What is required
Print the lines from the one containing "絵の具の感触に「ん?」と不思議そうな表情もとても可愛いですね♡" through the end of the material below, both included, exactly as they appear and without pictures.

--- Given entries Enclosed Below ---

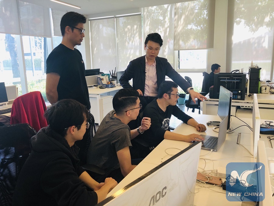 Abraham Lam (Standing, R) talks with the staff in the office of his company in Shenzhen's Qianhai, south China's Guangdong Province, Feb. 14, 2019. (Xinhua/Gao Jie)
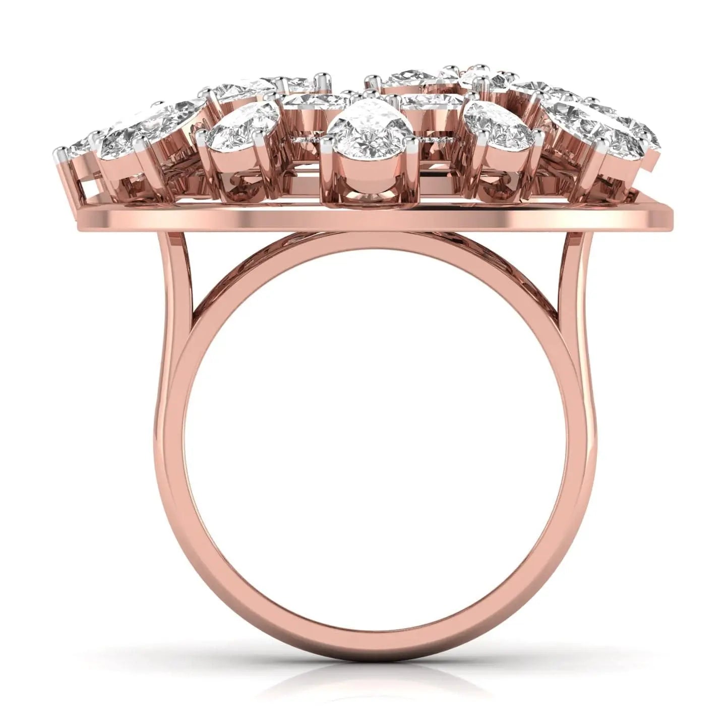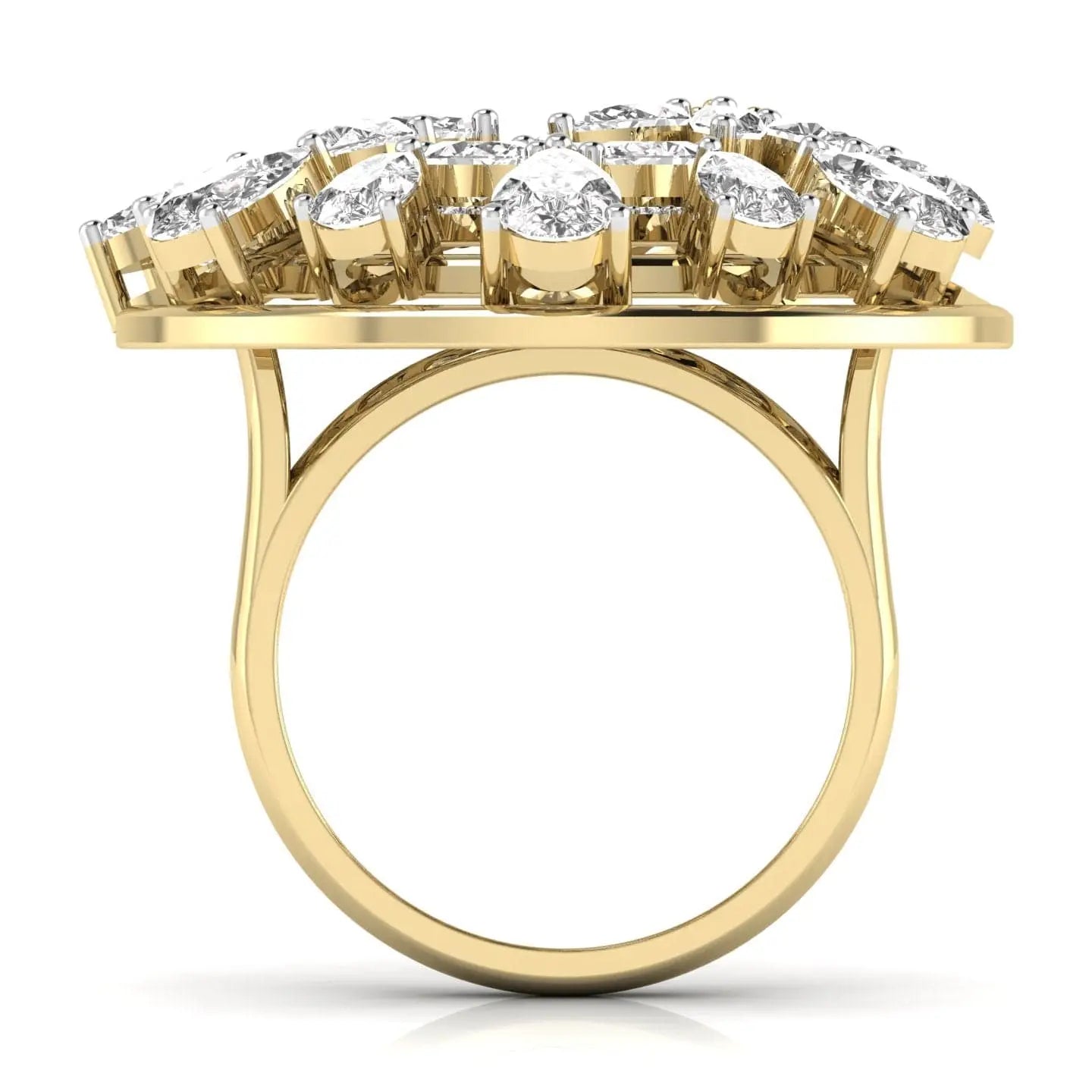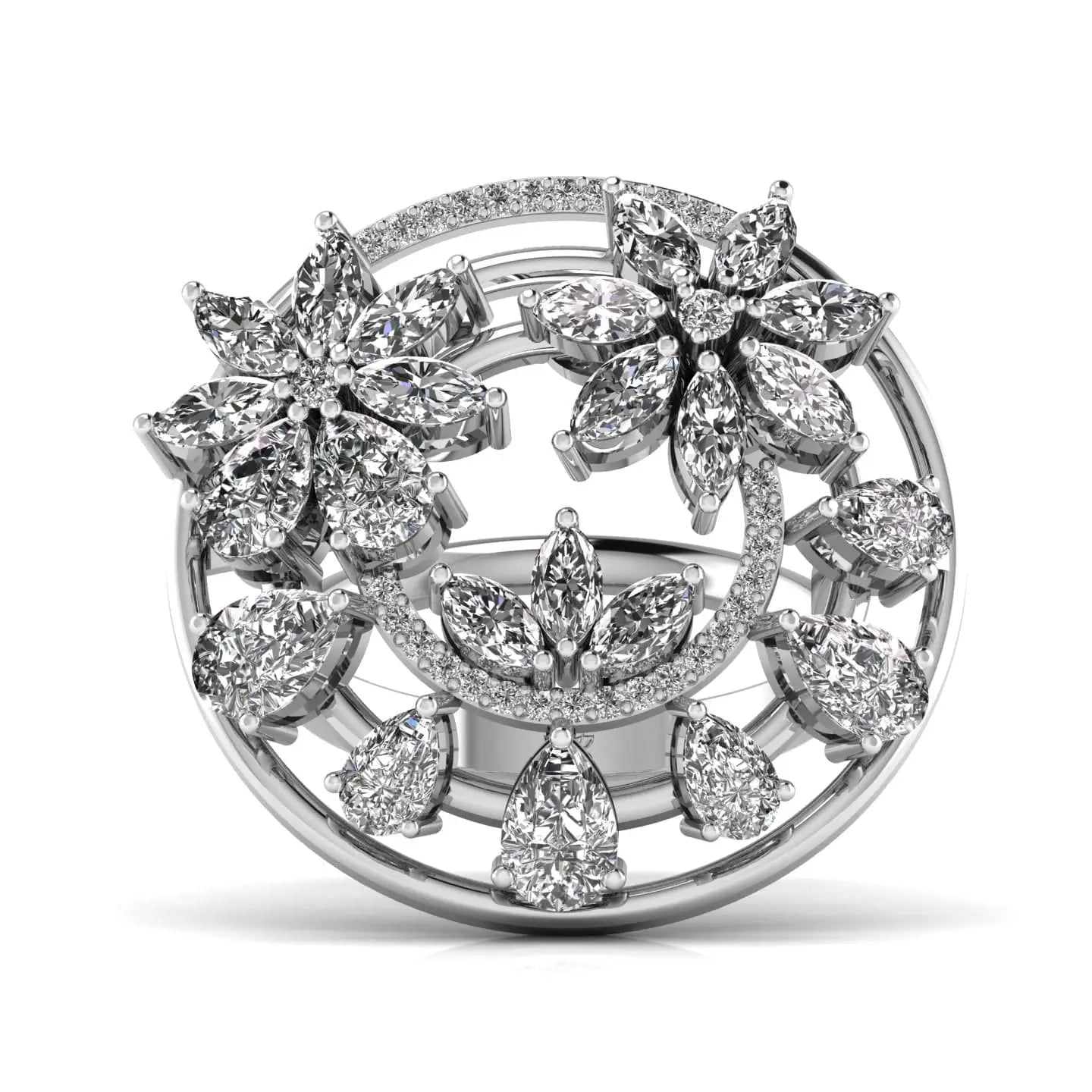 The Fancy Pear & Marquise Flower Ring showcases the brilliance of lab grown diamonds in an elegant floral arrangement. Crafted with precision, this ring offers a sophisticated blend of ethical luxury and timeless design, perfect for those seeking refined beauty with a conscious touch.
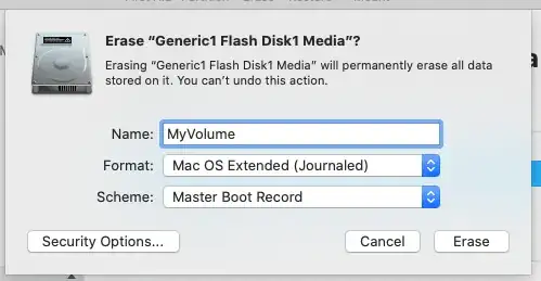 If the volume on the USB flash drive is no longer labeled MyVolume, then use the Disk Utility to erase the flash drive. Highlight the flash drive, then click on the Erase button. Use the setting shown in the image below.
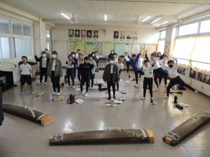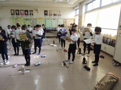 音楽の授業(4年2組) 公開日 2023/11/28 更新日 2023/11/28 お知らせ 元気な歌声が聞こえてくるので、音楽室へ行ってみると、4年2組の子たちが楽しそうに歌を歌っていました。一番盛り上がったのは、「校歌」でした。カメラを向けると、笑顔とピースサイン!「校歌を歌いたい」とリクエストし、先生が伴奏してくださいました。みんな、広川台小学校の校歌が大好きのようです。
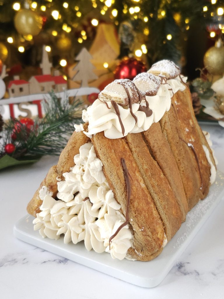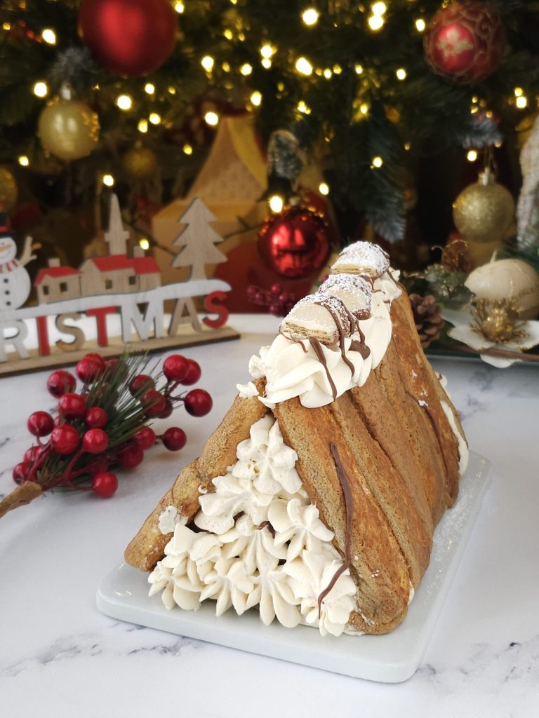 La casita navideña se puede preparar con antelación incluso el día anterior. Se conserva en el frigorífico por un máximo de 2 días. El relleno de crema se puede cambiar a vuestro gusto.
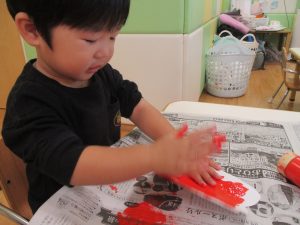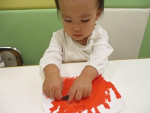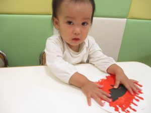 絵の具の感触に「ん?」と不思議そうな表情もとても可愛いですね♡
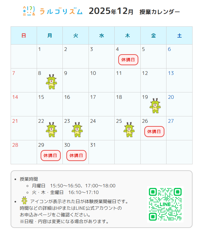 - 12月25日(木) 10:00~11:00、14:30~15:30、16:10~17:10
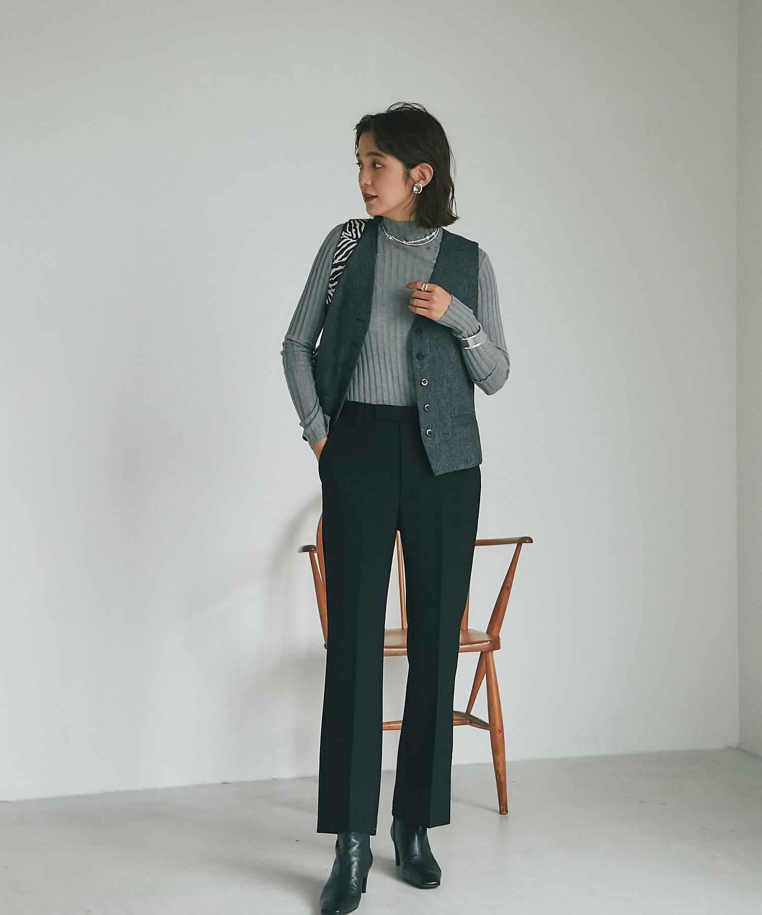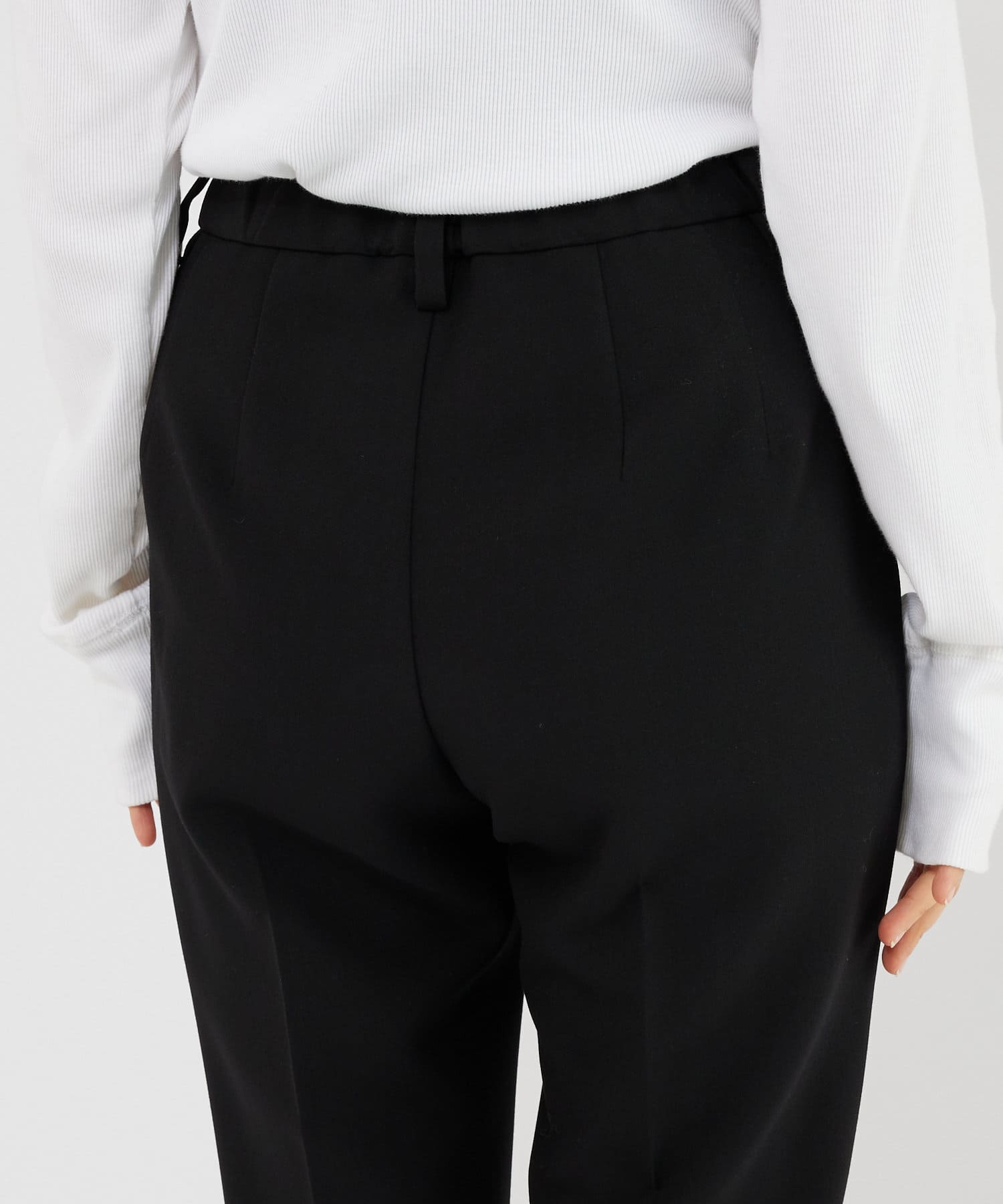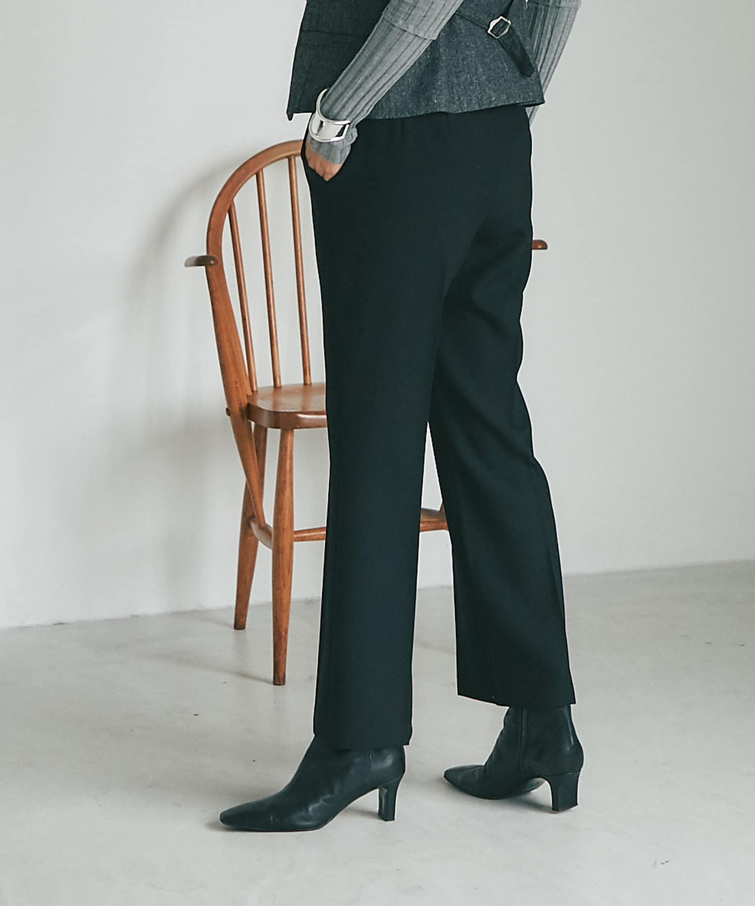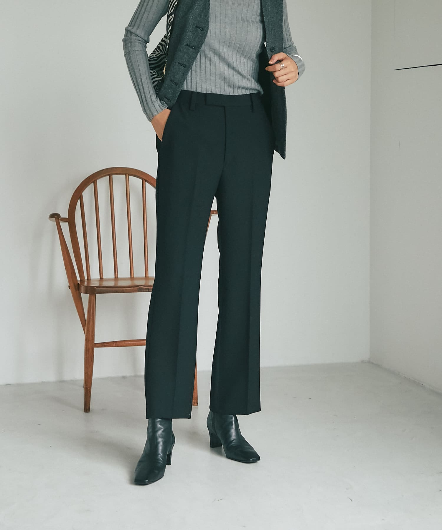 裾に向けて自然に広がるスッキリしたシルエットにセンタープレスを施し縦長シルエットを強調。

--- End of Enclosed Given entries ---

Answer space
 絵の具の感触に「ん?」と不思議そうな表情もとても可愛いですね♡
 - 12月25日(木) 10:00~11:00、14:30~15:30、16:10~17:10
 裾に向けて自然に広がるスッキリしたシルエットにセンタープレスを施し縦長シルエットを強調。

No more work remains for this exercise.